---------- Source records

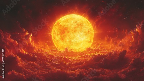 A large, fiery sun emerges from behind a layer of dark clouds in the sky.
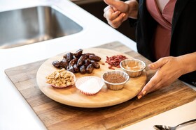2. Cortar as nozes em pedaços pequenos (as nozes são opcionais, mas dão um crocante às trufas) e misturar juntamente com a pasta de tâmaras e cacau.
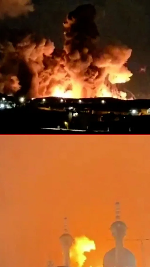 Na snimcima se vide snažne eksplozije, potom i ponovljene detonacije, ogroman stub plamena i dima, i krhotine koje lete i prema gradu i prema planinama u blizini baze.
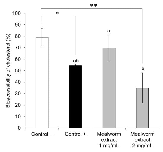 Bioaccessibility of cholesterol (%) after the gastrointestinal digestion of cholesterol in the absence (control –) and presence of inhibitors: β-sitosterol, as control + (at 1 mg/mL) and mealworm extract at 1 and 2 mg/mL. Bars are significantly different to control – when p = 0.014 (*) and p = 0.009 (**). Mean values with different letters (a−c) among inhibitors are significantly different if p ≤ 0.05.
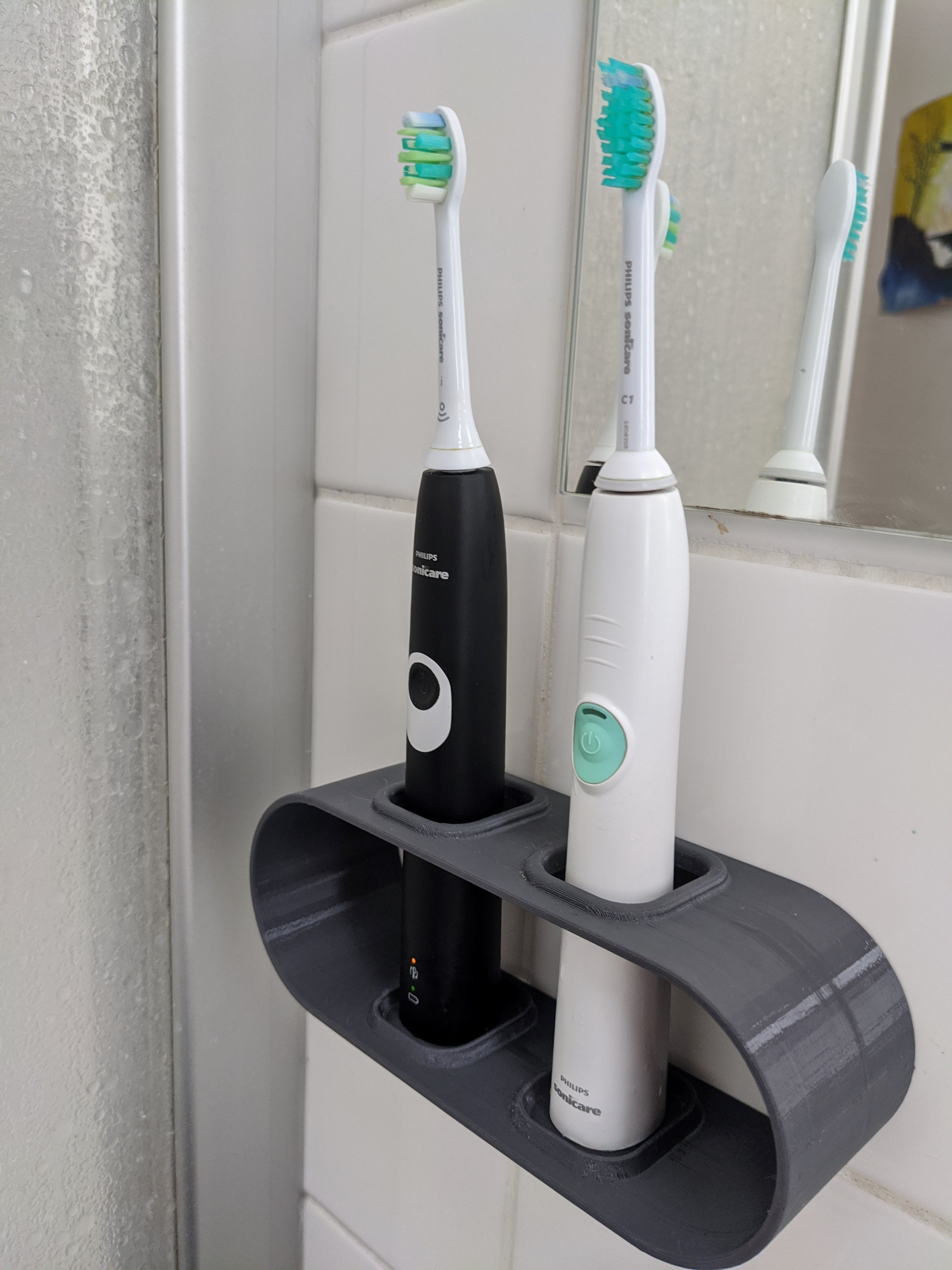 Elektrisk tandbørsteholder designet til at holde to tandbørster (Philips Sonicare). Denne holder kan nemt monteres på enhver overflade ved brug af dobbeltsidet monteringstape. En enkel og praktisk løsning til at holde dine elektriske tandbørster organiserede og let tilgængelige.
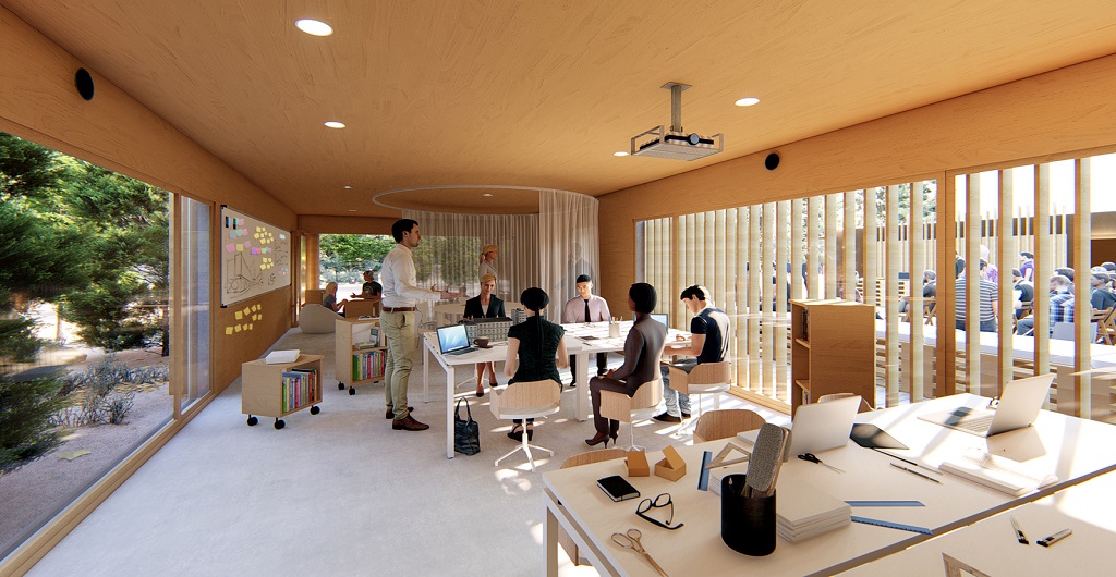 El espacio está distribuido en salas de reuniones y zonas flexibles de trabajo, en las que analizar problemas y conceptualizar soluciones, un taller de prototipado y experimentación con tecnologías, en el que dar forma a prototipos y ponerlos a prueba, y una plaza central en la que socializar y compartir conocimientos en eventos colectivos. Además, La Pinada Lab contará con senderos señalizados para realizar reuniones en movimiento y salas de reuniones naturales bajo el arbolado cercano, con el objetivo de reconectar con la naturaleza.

--------------------
---------- Source records

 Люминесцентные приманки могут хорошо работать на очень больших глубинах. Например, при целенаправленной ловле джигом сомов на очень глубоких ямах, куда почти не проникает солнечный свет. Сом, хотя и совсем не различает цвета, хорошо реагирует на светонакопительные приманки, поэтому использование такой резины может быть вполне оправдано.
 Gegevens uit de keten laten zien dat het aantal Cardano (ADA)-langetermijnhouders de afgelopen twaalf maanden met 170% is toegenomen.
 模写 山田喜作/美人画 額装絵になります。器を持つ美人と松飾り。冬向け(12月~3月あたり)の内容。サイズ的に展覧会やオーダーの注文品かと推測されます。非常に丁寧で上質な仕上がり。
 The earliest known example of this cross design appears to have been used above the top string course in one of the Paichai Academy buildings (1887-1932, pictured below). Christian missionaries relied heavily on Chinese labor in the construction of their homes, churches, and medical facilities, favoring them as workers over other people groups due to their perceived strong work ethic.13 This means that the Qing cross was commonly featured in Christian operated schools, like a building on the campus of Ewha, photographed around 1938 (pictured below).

--------------------
---------- Source records

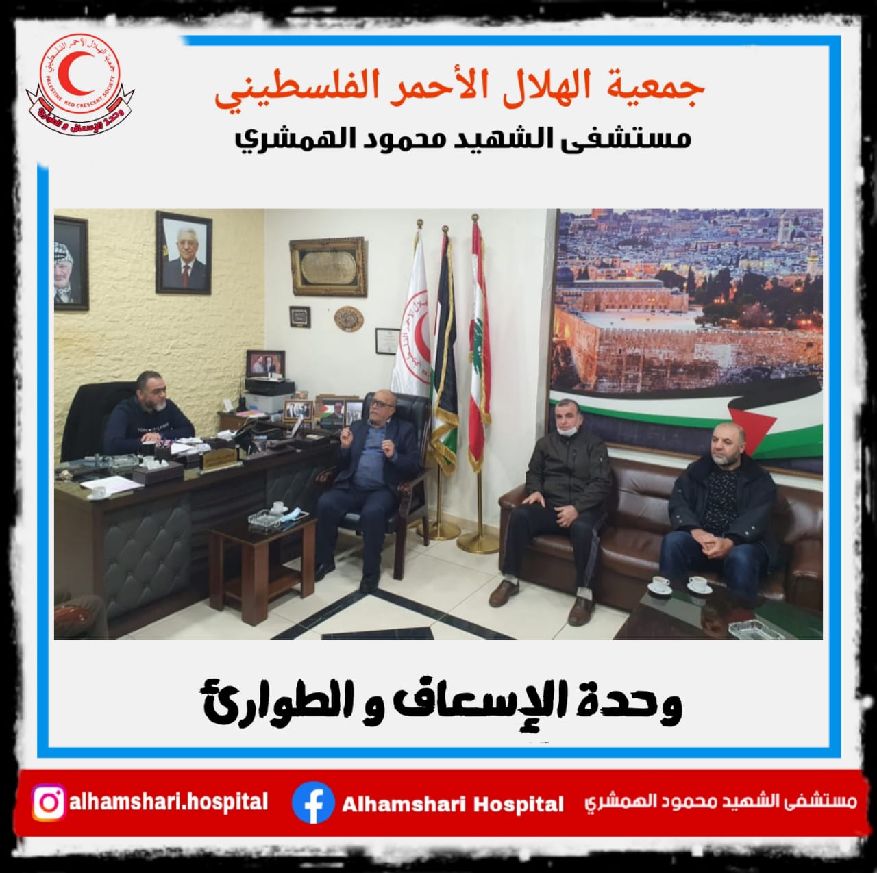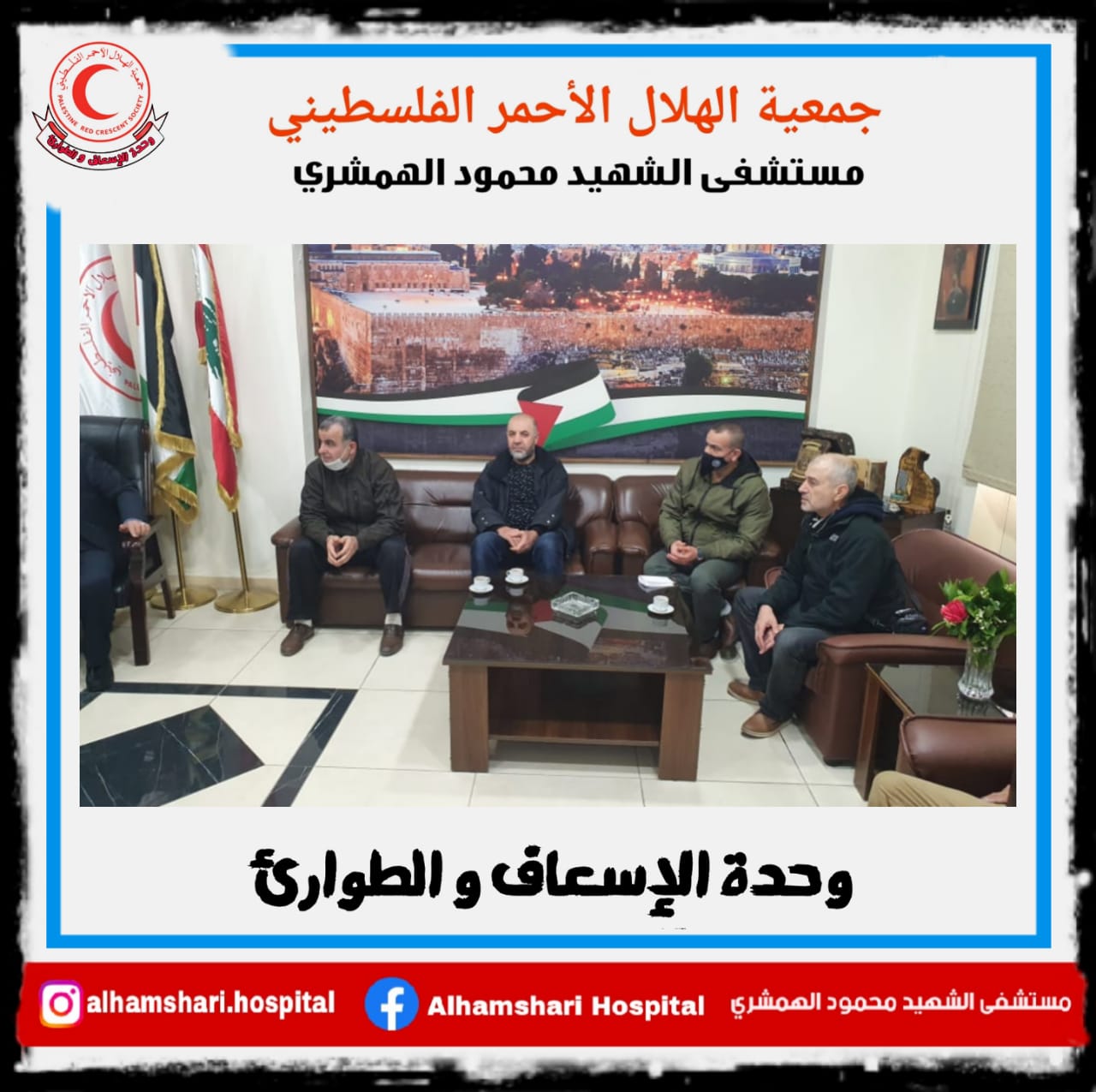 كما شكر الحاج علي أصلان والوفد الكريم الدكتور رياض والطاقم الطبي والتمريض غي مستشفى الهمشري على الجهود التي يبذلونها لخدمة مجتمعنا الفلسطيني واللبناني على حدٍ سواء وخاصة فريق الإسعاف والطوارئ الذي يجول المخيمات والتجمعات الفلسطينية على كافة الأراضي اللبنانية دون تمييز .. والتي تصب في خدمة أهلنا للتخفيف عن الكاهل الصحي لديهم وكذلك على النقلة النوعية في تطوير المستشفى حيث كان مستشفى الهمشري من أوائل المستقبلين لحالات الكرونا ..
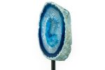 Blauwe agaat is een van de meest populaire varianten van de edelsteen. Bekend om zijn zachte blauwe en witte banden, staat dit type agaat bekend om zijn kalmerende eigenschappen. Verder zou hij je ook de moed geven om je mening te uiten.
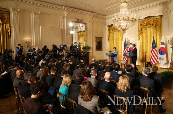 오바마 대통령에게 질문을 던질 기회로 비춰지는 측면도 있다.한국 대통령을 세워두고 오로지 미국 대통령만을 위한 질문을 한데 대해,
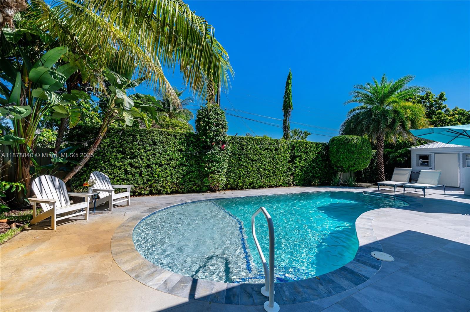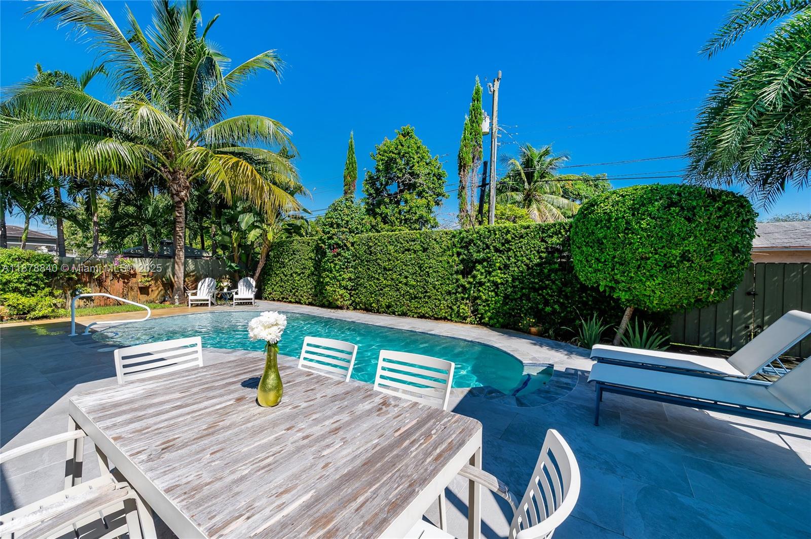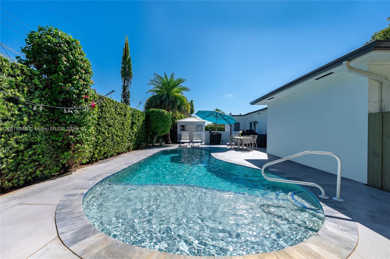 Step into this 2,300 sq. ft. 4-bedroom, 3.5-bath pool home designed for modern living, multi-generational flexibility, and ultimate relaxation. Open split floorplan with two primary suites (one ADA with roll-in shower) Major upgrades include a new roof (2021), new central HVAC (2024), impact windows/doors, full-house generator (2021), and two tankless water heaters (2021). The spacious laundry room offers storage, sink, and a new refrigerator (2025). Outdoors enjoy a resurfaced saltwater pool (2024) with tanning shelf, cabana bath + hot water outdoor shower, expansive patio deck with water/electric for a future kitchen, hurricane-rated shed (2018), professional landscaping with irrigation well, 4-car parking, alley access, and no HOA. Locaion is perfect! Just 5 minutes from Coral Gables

--------------------

§ Aim of the task: From the records above, extract the lines from the one holding "A large, fiery" through the one holding "Elektrisk tandbørsteholder designet", word for word; omit the pictures.

§ Completed exercise:
 A large, fiery sun emerges from behind a layer of dark clouds in the sky.
2. Cortar as nozes em pedaços pequenos (as nozes são opcionais, mas dão um crocante às trufas) e misturar juntamente com a pasta de tâmaras e cacau.
 Na snimcima se vide snažne eksplozije, potom i ponovljene detonacije, ogroman stub plamena i dima, i krhotine koje lete i prema gradu i prema planinama u blizini baze.
 Bioaccessibility of cholesterol (%) after the gastrointestinal digestion of cholesterol in the absence (control –) and presence of inhibitors: β-sitosterol, as control + (at 1 mg/mL) and mealworm extract at 1 and 2 mg/mL. Bars are significantly different to control – when p = 0.014 (*) and p = 0.009 (**). Mean values with different letters (a−c) among inhibitors are significantly different if p ≤ 0.05.
 Elektrisk tandbørsteholder designet til at holde to tandbørster (Philips Sonicare). Denne holder kan nemt monteres på enhver overflade ved brug af dobbeltsidet monteringstape. En enkel og praktisk løsning til at holde dine elektriske tandbørster organiserede og let tilgængelige.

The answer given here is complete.